I have a 06 VR$CR "Street Rod". I originally bought the bike after admiring VRODs for a few years. I have a lot of buddys who really gave me crap for wanting a 'rod, which is typical behaviour for the average HD knucklehead type that I hang out with (god I hope none of them read this and kick my ass). I bought the Street Rod without a lot of research. If I were to do it over again I would not buy the same bike. Nothing wrong with the Street Rod, in fact it is probably the best bike I have ever owned, I just don't like the limitations that come with it vis-a-vis aftermarket parts.

As I said, I bought the bike for 3 reasons. First of all, even though I am a GIANT Sportster fan, I got real tired of the small gas tank. So my first purchase reason was the 5 gallon tank on the R. Second, I wanted a black frame and that was available on the R. And finally I liked the looks and performance promise of the upside-down forks. So I bought one from a wholesaler friend of mine and had it shipped. In between the time I bought it and got it I logged back onto the Vrod Forums site and did some reading. What I found disturbed me as it seemed that the R was not a very popular model and most of the guys who liked them did not seem to be "Harley Guys". Worse yet the aftermarket parts all seemed to carry the same note..."Fits all models except VRSCR".

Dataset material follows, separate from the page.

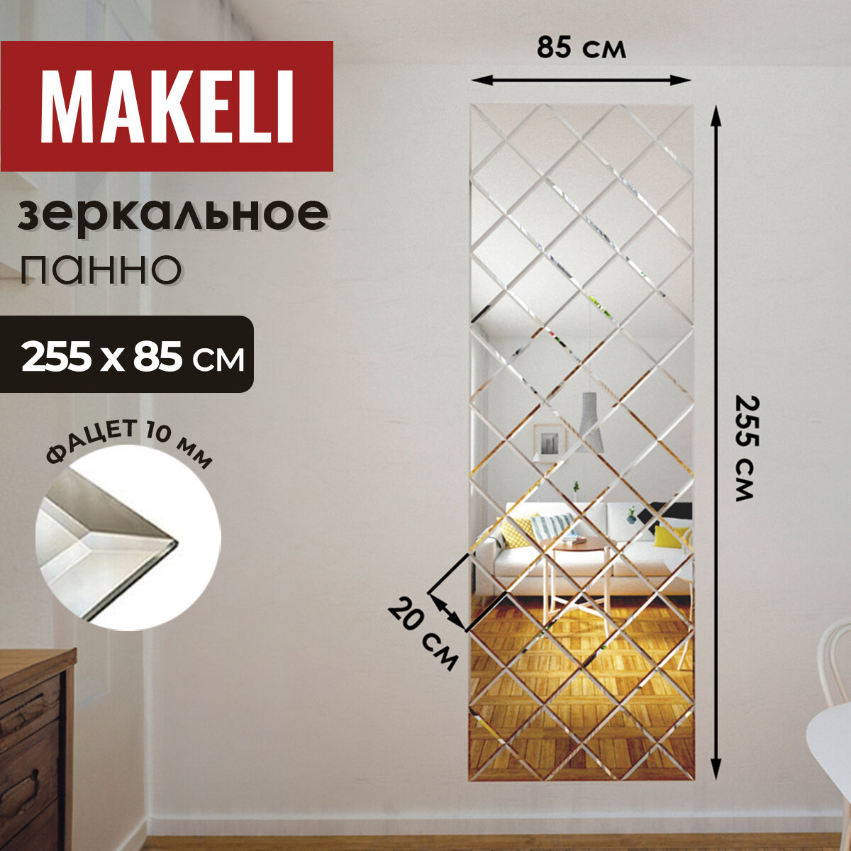 Зеркальное панно Makeli, серебро, квадрат 20x20 см, 142x0,85 м

My first impression of the motorcycle was a mixture of delight and depression. I simply could not believe that a Harley could handle this good. I also felt that the power delivery was pretty lackluster. This did not worry me too much as I have paid the "Harley Tax" in the past and knew how much that would perk it up. More research on the VRF site brought yet more somber news. No easy 20% HP gains by paying the tax. While all the guys assured me that the power was well in excess of what I had on my FXST, I was still unimpressed by the perceived lack of torque. Eventually I put on a Rinehart pipe after reading StreetRodder06's and BrianVRSC's reports on the pipes performance. I also got raped by the HDealer for $500 for a SERT. Add a K&N and a gift map by Mike (StreetRodder06) and the bike was transformed. The seat-of-the-ass torque was magnitudes better and the thing finally sounded like a motorcycle.

But the thing was old man ugly to me......and I'll continue in the next post.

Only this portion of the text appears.